[Source data]
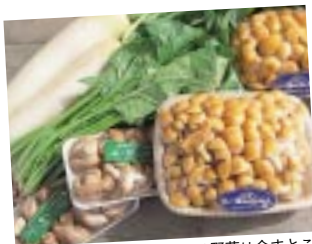
大自然が育んだ地場で採れる野菜は余すところなく食べられます

富士山の麓、朝霧高原にやってきました。豊かな自然と澄んだ空気の中、放牧されている牛を間近で見た息子は初めて見る大きな牛に大興奮。少し進み、道の駅朝霧高原に着きました。ここでは今話題のバナジウム水が無料とあって、早速汲みたてをゴクリ。やわらかな口あたりで、こんな暑い夏の日には何よりのごちそうです。脂肪燃焼効果があるらしく、飲み続けると痩身も期待できるそう。ペットボトルに水を汲んだ後は、甘いもの好きにはたまらない朝霧のソフトクリームを買い、まかいの牧場へと向かいました。気象条件がよかったので熱気球に乗ることに。息子はもちろん、私も初めての体験。すがすがしい風の中、ゆったりと空中散歩を楽しみました。地上とはまた違った富士山の姿や高原の緑は例えようのない美しさでした。あ、ちなみに主人はこわいと言って、下でお留守番でした。
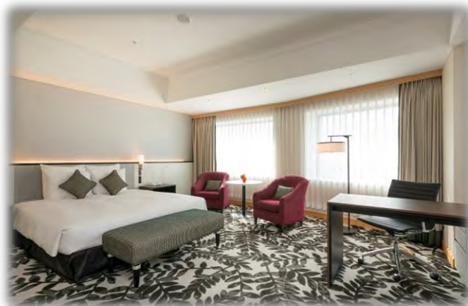
◇エグゼクティブダブルルーム(42㎡)
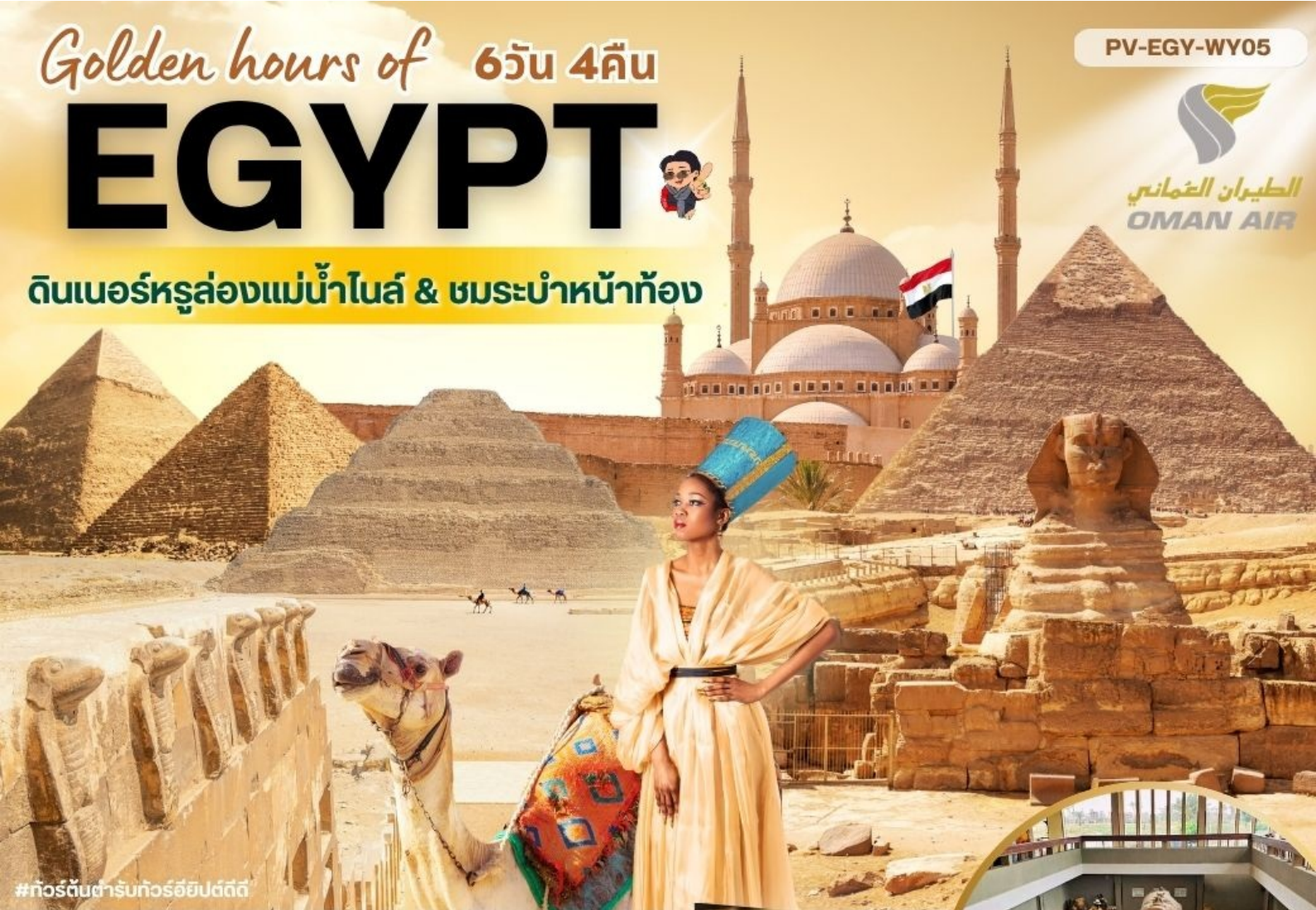
#ทัวร์ต้นตำรับทัวร์อียิปต์ดี

ดินเนอร์หล่องแม่น้ำไนล์ & ชมระบำหน้าห้อง
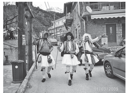
Μασκαρεμένοι Αγναντιτές στις αποκριάτικες εκδηλώσεις στο χωριό
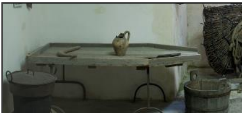
Figura 11: Oggetto sala della maialatura

Lo spazio espositivo espone gli utensili impiegati per l'uccisione e la macellazione del maiale ((circa 10 pz).
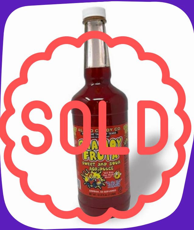
chamoy de frutás $25.000
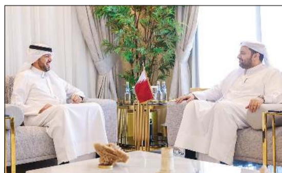
سفيرنا لدى قطر مع وزير الدولة بوزارة الخارجية القطرية د.محمد الخليفي
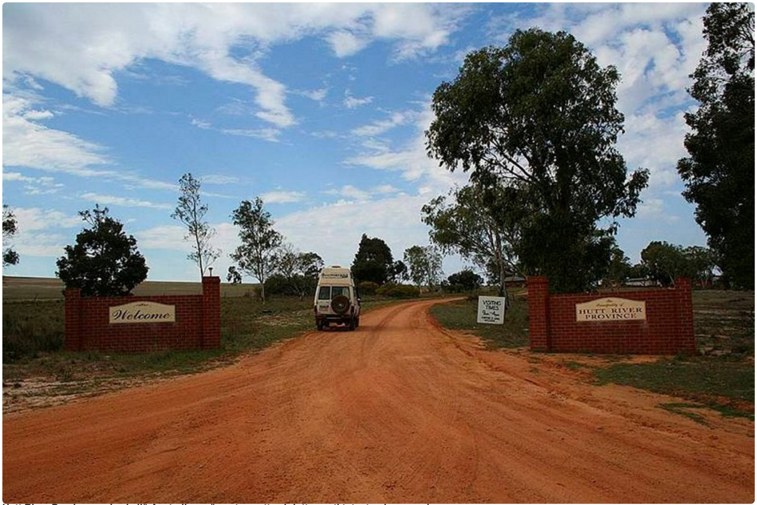
Hutt River Province on keskellä Australian erämaata, mutta ehdottomasti tutustumisen arvoinen.
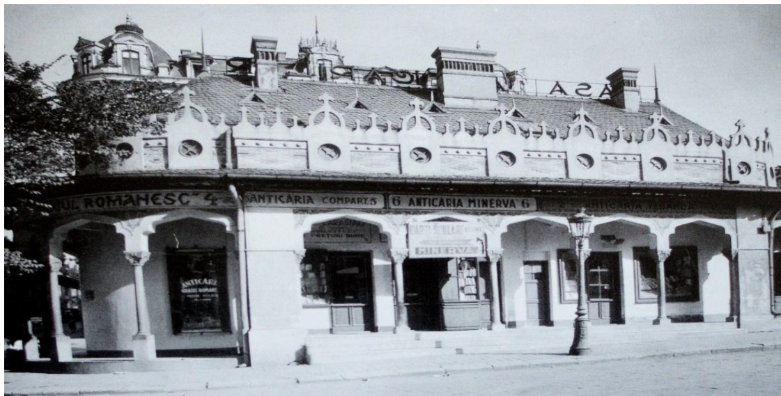
Fig. 2. Casa Anticarilor – vedere laterală 9 .

Toți aceștia și-au păstrat negoțul cu cărți pînă în anul 1948 cînd comerțul a fost preluat de Stat 10 , care doar în decursul aceluși an, a controlat aproximativ 90 de anticariate, printre care Soly Pach de la Casa veche a anticarilor, Azur Mușoiu din Str. Doamnei nr. 1 și Herman Pach de pe Calea Victoriei. (vezi fig. 3).
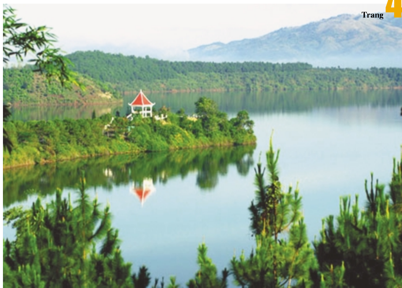
Biển Hồ-nguồn nước cung cấp cho TP. Pleiku.
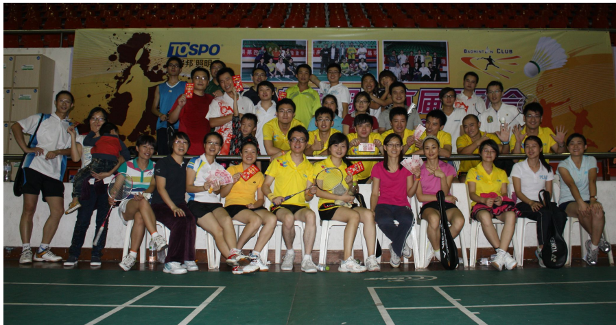
图为第六届运动会羽毛球前六名人员合影。

**Work instructions**
What you return should match the records line for line, minus the pictures.

**The answer**
大自然が育んだ地場で採れる野菜は余すところなく食べられます

富士山の麓、朝霧高原にやってきました。豊かな自然と澄んだ空気の中、放牧されている牛を間近で見た息子は初めて見る大きな牛に大興奮。少し進み、道の駅朝霧高原に着きました。ここでは今話題のバナジウム水が無料とあって、早速汲みたてをゴクリ。やわらかな口あたりで、こんな暑い夏の日には何よりのごちそうです。脂肪燃焼効果があるらしく、飲み続けると痩身も期待できるそう。ペットボトルに水を汲んだ後は、甘いもの好きにはたまらない朝霧のソフトクリームを買い、まかいの牧場へと向かいました。気象条件がよかったので熱気球に乗ることに。息子はもちろん、私も初めての体験。すがすがしい風の中、ゆったりと空中散歩を楽しみました。地上とはまた違った富士山の姿や高原の緑は例えようのない美しさでした。あ、ちなみに主人はこわいと言って、下でお留守番でした。
◇エグゼクティブダブルルーム(42㎡)
#ทัวร์ต้นตำรับทัวร์อียิปต์ดี

ดินเนอร์หล่องแม่น้ำไนล์ & ชมระบำหน้าห้อง
Μασκαρεμένοι Αγναντιτές στις αποκριάτικες εκδηλώσεις στο χωριό
Figura 11: Oggetto sala della maialatura

Lo spazio espositivo espone gli utensili impiegati per l'uccisione e la macellazione del maiale ((circa 10 pz).
chamoy de frutás $25.000
سفيرنا لدى قطر مع وزير الدولة بوزارة الخارجية القطرية د.محمد الخليفي
Hutt River Province on keskellä Australian erämaata, mutta ehdottomasti tutustumisen arvoinen.
Fig. 2. Casa Anticarilor – vedere laterală 9 .

Toți aceștia și-au păstrat negoțul cu cărți pînă în anul 1948 cînd comerțul a fost preluat de Stat 10 , care doar în decursul aceluși an, a controlat aproximativ 90 de anticariate, printre care Soly Pach de la Casa veche a anticarilor, Azur Mușoiu din Str. Doamnei nr. 1 și Herman Pach de pe Calea Victoriei. (vezi fig. 3).
Biển Hồ-nguồn nước cung cấp cho TP. Pleiku.
图为第六届运动会羽毛球前六名人员合影。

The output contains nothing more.